Monday, September 14, 2009

Projection Squared, no, Cubed

Blue Texan (FDL): Human Events: Obama’s a Very, Very Angry (Black) Man

I'll take racist dog whistles for $500, Alex.

The anger that seemed President Obama’s central theme in his September 9 speech to Congress was palpable, almost shocking. He demanded action now, and threatened to “call out” those who -- he claimed -- were spreading falsehoods about his healthcare nationalization plans.

Obama does not seem to realize that the fire and brimstone of the campaign trail have to be left behind when a man enters the Oval Office. Presidents who exude confidence, competence and principle usually succeed. Anger belies the self-confidence that has been Obama’s trademark. It may soon replace it.

Obama is, again, the incredible shrinking president.
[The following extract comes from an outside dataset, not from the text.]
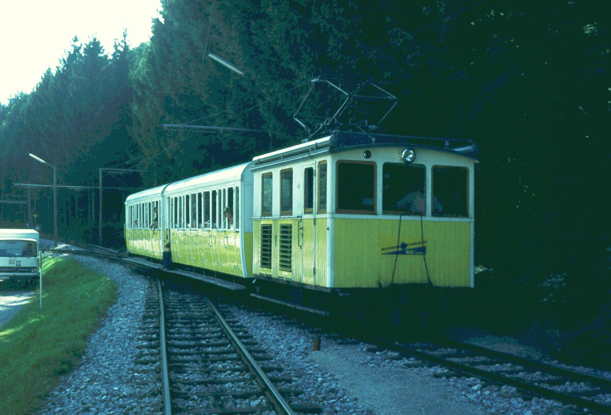 Ausfahrt aus dem Talbhf. Waching_16-08-1973__Drei elektrische Zahnradlokomotiven wurden 1912 bei der Maschinenfabrik Esslingen und Brown, Boveri beschafft, die passenden Vorstellwagen in Abteilbauweise mit jeweils 50 Sitzplätzen lieferte die MAN in Nürnberg. 1935 wurde noch eine vierte Lokomotive nachgeliefert, so dass bis 1990 vier Garnituren im Einsatz standen. Klaus-Erich Lisk

His anger -- in speech after speech about healthcare, before and after the address to the joint session of Congress -- is not just unpresidential, but has a constant negative effect, a gradual whittling away of whatever influence he may have abroad that has not already been surrendered in his June speech in Cairo.

...

Barack Obama substitutes anger and naïveté for passion and style

Shorter Jed Babbin: hide the white women, Obama's on a rampage!
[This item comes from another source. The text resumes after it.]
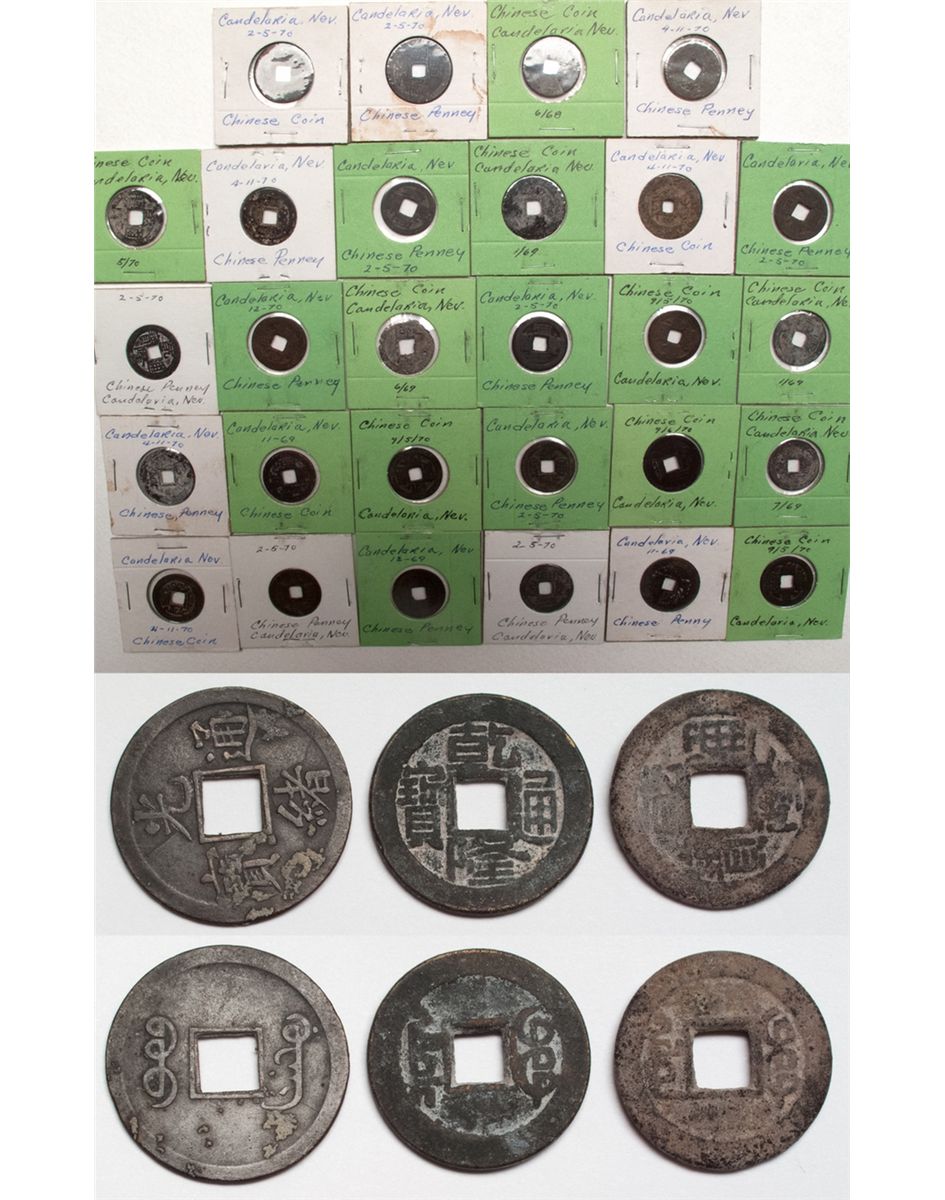 Lot of 31 different coins. Found by Leon Hubbard in Candelaria circa 1969. This is a classic archive of Chinese coins from the Chinese Community from the ghost mining town of Candelaria. On June 10, 1909 the Inyo Register reported that, "The old Chinese joints are gradually being torn down and being used for firewood." Great find, great history!City: CandelariaCounty: MineralState: NVDate:

Here's an excerpt from a speech by the extremely presidential and confident -- but not at all angry -- George W. Bush from 2005.

While it's perfectly legitimate to criticize my decision or the conduct of the war, it is deeply irresponsible to rewrite the history of how that war began. (Applause.) Some Democrats and anti-war critics are now claiming we manipulated the intelligence and misled the American people about why we went to war. These critics are fully aware that a bipartisan Senate investigation found no evidence of political pressure to change the intelligence community's judgments related to Iraq's weapons programs.

...

The stakes in the global war on terror are too high, and the national interest is too important, for politicians to throw out false charges. (Applause.) These baseless attacks send the wrong signal to our troops and to an enemy that is questioning America's will. As our troops fight a ruthless enemy determined to destroy our way of life, they deserve to know that their elected leaders who voted to send them to war continue to stand behind them. (Applause.)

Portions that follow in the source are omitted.